The Trust Fund awarded $16,900 to the Woonasquatucket River Watershed Council for the construction of the San Souci Drive Separated Bicycle and Pedestrian Facility along the river, in Providence. The project will add green infrastructure, and enhance local habitat value – includes construction of a bicycle and pedestrian greenway. Trust Fund monies will be used for native and pollinator-friendly plantings to enhance the habitat value of the green infrastructure practices, buffers and riverbank areas. Construction is slated to begin in spring of 2019.

Save The Bay received $5,000 for salt marsh adaptation and migration facilitation along Hundred Acre Cove in Barrington. Save The Bay and the Town of Barrington are using the results of the Rhode Island Salt Marsh Assessment and CRMC’s Sea Level Rise Affecting Marshes Model (SLAMM) Report to identify adaptation sites and migration corridors along Hundred Acre Cove. The partners have identified a northern site on the west side of Route 114 near the town line, and a southern site just west of Route 114. Adaptation techniques will be used on the sites, mosquito breeding habitat will be assessed, and each site will have a marsh adaptation plan.

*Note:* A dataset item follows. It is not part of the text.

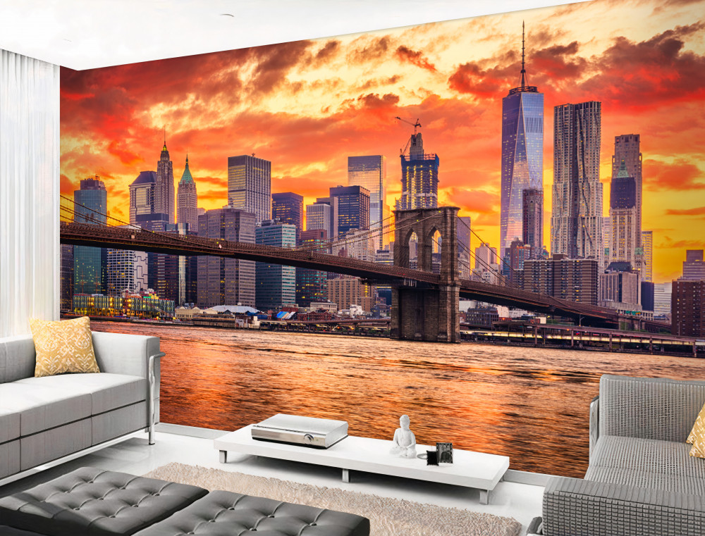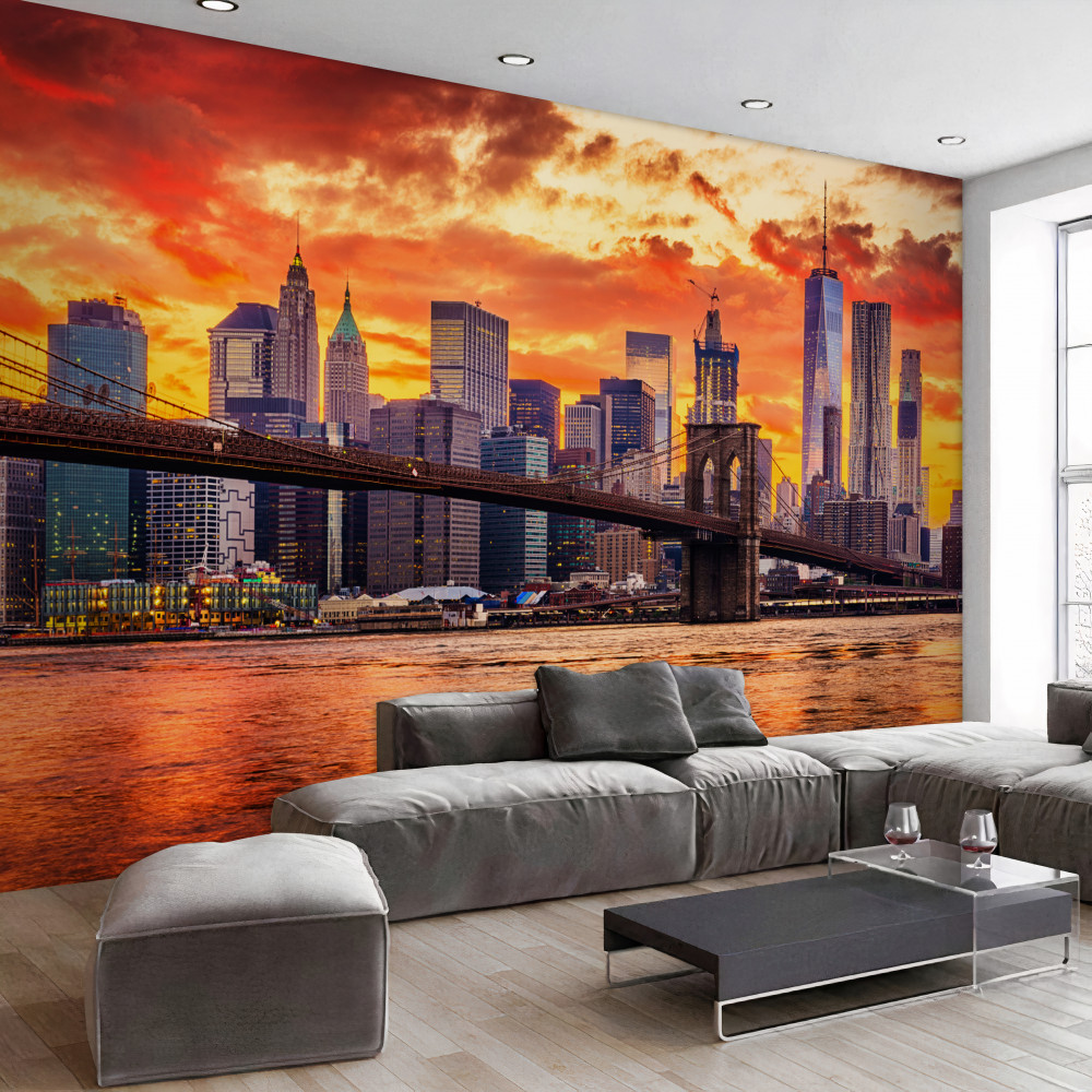 Tapeta Fototapeta zachód słońca z chmurami nad Nowym Jorkiem (artykuł a89408 ) z kategorii Fototapety Miasta i kraje

Habitat restoration projects funded through the RI Coastal and Estuarine Habitat Restoration Trust Fund are recommended by the fund’s Technical Advisory Committee and approved by the RI Coastal Resources Management Council. Program funds come from the state’s Oil Spill Prevention Administration and Response Act (OSPAR), established by the legislature following the 1996 North Cape oil spill. Each year, the CEHRTF advisory committee, with approval of the CRMC allocates $225,000 from the OSPAR account to habitat restoration projects throughout the state.

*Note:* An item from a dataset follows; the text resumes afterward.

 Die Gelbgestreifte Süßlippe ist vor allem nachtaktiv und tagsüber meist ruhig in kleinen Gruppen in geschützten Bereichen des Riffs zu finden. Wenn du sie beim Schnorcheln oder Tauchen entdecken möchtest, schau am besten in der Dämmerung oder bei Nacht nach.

“Because they serve many functions, from shoreline protection to improving water quality, restoring and enhancing natural areas and habitats is a very cost-effective way to increase Rhode Island’s resiliency to climate change and sea level rise,” said Grover Fugate, executive director of the CRMC.

To date and including this year, the Trust Fund has awarded $3.4 million for 127 projects, which have leveraged more than $27 million in matching funds. In its 16 years, the Trust Fund has helped to restore over 300 acres of coastal and estuarine habitat. Photos of the projects are available upon request.